Bet 7

Duration ? years (02002-???)

“The universe will eventually stop expanding.”

PREDICTOR
Danny Hillis

CHALLENGER
Nathan Myhrvold

STAKES $2,000

will go to The Long Now Foundation if Hillis wins,
or The Institute for Advanced Study if Myhrvold wins.

Hillis's Argument

Cosmology is subject to fads. If at any other point in time I'd bet that the current scientific consensus was wrong, I would have been right. Certainly there's a lot of room for surprises. We already know that there are all kinds of dark matter, and there may be all kinds of dark energy out there too -- maybe including one that's pushing in the other direction. What I'm really betting on is that the universe will turn out to be complicated in directions we haven't even figured out yet.

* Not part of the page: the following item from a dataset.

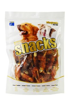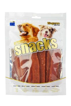 Doplňkové krmivo pro psy a kočky vyrobené ze 100% čerstvého masa, bez chemických konzervantů. Složení: Kuřecí maso 45%,Vepřová kůže 50%, Škrob 2%, Glycerin 2%,Přírodní sladidlo (maltitol) 0,9%, Ocet 0,1%.Jakostní znaky: Protein 62%, vlhkost 18%, obsah tuku 1%, hrubá vláknina 1%. Krmný návod: Podávejte jako příležitostný pamlsek.Zajistěte zvířeti přístup k čerstvé vodě.Skladujte při teplotě do 20 °C a relativní vlhkosti vzduchu do 60 %, zabraňte přímému slunečnímu světlu.

For instance, I don't believe that the measurements that show the universal expansion is accelerating are necessarily true. There's a long chain of evidence leading up to that conclusion, and I suspect there are mistakes in that chain. We have to do an awful lot of extrapolating when we measure things like the redshifts of supernovae at the edge of the universe, and I don't think we have things as neatly figured out as some people seem to project. Maybe light actually loses energy as it propagates over long distances. I'm not saying this is true, but something like that would throw off redshift measurements entirely.

Even if the expansion is accelerating as the evidence currently suggests, it may not continue to do so. We do not have any good theory of why it should be accelerating at all, much less why it should do so in the future. To me, this unexplained acceleration is an indication that we do not have it all figured out yet. I am expecting surprises. Not only is the world more interesting than we expect, it's more interesting than we can expect.

Myhrvold's Argument

I think the evidence is pretty consistent [that we're going to end up in a cold, dark universe]. The reason to believe in a closed universe is either because you want to be contrary, or because you subscribe to an aesthetic notion of cosmology. I mean, it's kind of cool to think of the whole thing expanding and contracting: throbbing there for all time. [But appealing or not, most estimates about the pressure and critical mass of the universe right now make me win.] First, empirically, we have the fact that the universe is expanding right now. Also, in the past twenty years, astronomers have developed very clever, indirect ways of finding dark matter and they've discovered that there isn't nearly enough [to collapse the universe] -- not by a factor of ten. Finally, there are theories in cosmology that embrace the idea that the universe is a random accident, like a bubble in a bottle of fizzy water. In that scenario, bubbles like our universe form, and they expand, and they go away. [Take the evidence together and ] That's why I think I've got the upper hand here.